Castilla-La Mancha

El 'experimento' de Podemos con el PSOE de Page cumple un año con el partido dividido

Castilla-La Mancha fue el laboratorio para ensayar un gobierno conjunto entre PSOE y Podemos, pero la división interna de los morados lastra la relación entre ambas formaciones  

Pablo Iglesias felicita a Pedro Sánchez por la victoria de la moción de censura.
Pablo Iglesias felicita a Pedro Sánchez por la victoria de la moción de censura. EFE

La relación de Podemos con el PSOE ha sido uno de los grandes objetos de debate en el seno del partido desde comienzos de su andadura. Y también una cuestión de disputa entre las diferentes corrientes. Ahora se cumple un año desde que la formación morada entró por primera vez a formar parte de un gobierno autonómico, el de Castilla-La Mancha

Pero las aguas bajan revueltas para los de Pablo Iglesias. Sólo tiene dos diputados en el Parlamento regional, pero sus votos son decisivos para sacar adelante las leyes.El secretario general José García Molina entró en el Gobierno de Emiliano García Page como vicepresidente segundo y defiende los beneficios de haberse incorporado. Pero en frente tiene al portavoz en la cámara regional, David Llorente, muy crítico con la alianza de los socialistas y defensor de la ruptura del pacto de gobierno ante el "incumplimiento" de García-Page con sus compromisos y su actitud tratando "de bloquear leyes y medidas" que para la formación morada son "fundamentales" e "irrenunciables". 

Con motivo del primer aniversario del pacto, Llorente aprovechó para criticar duramente la alianza en un artículo en el diario Público. "La participación de Podemos en el Gobierno de García-Page, además de innecesaria, ha sido inútil y, sobre todo, contraproducente; es decir, un fracaso", manifiesta. El portavoz en las cortes regionales pertenece a la corriente Anticapitalistas, la tercera familia de los morados cuyos principales referentes son el eurodiputado Miguel Urbán y la coordinadora general en Andalucía, Teresa Rodríguez.

Precisamente, esta última también ha planteado durante los últimos meses un pulso a la dirección de Madrid por su alianza electoral con Izquierda Unida, al margen del acuerdo estatal alcanzado entre ambas formaciones. Los 'anticapis' siempre han sido reacios a formar parte de gobiernos socialistas. E incluso son críticos con la política de mano tendida al PSOE desplegada por Podemos en los últimos meses y que se acerca a las tesis planteadas por Íñigo Errejón

Un año después de entrar en el gobierno castellano manchego, el panorama a nivel nacional no podía ser más diferente tras el triunfo de la moción de censura de Pedro Sánchez contra Mariano Rajoy. En ella, los votos y la mediación de Podemos con los partidos nacionalistas e independentistas jugó un papel clave. Pero a la vuelta del verano podrá comprobarse si hay un golpe de timón de los morados, severamente castigados en el último barómetro del CIS. 
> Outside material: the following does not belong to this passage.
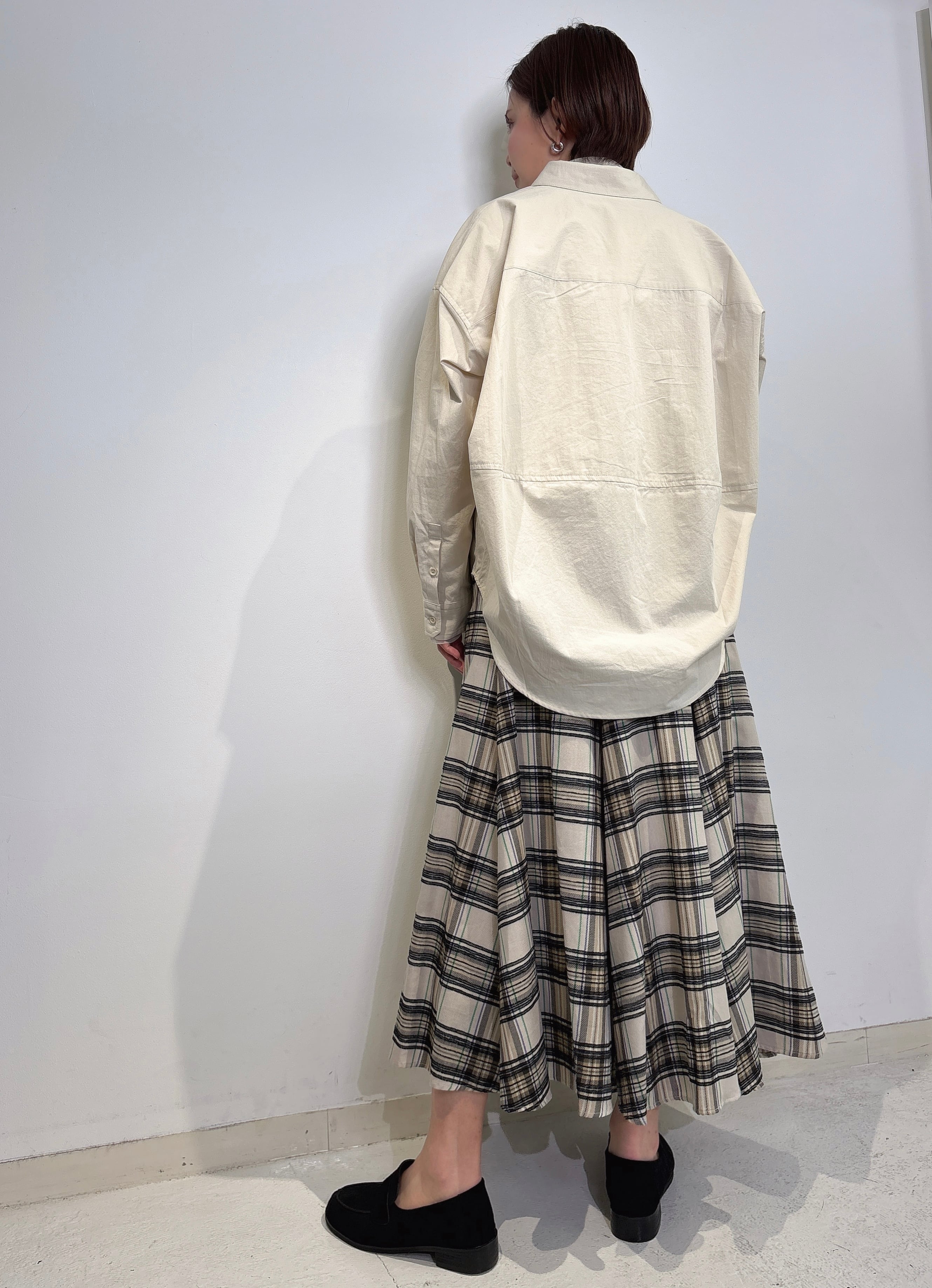 センターバック丈77cmでスペック上はやや長めですが、丸みを持たせるのにタテにもパターンを展開しているため77cmのうち6cmが展開分量になっています。

Podrían producirse cambios en la relación con los socialistas a medida que se acerquen las citas con las urnas; las primeras, las andaluzas, y, después, europeas, autonómicas y municipales en mayo de 2019. Del apoyo inicial para el cambio de Gobierno a un marcaje más duro para disimular un efecto 'muleta' que antes atribuían a Ciudadanos con el PP.

En el seno del partido surgen las dudas por el papel adoptado en el nuevo tablero de juego, coincidiendo además la retirada forzosa de sus dos principales líderes del primer plano tras el nacimiento prematuro de sus dos hijos. En cualquier caso, la experiencia del Gobierno en Castilla-La Mancha habrá servido como centro de pruebas para futuros pactos tras las elecciones de mayo de 2019 si las fuerzas de izquierdas consiguen romper el bloque del centro-derecha.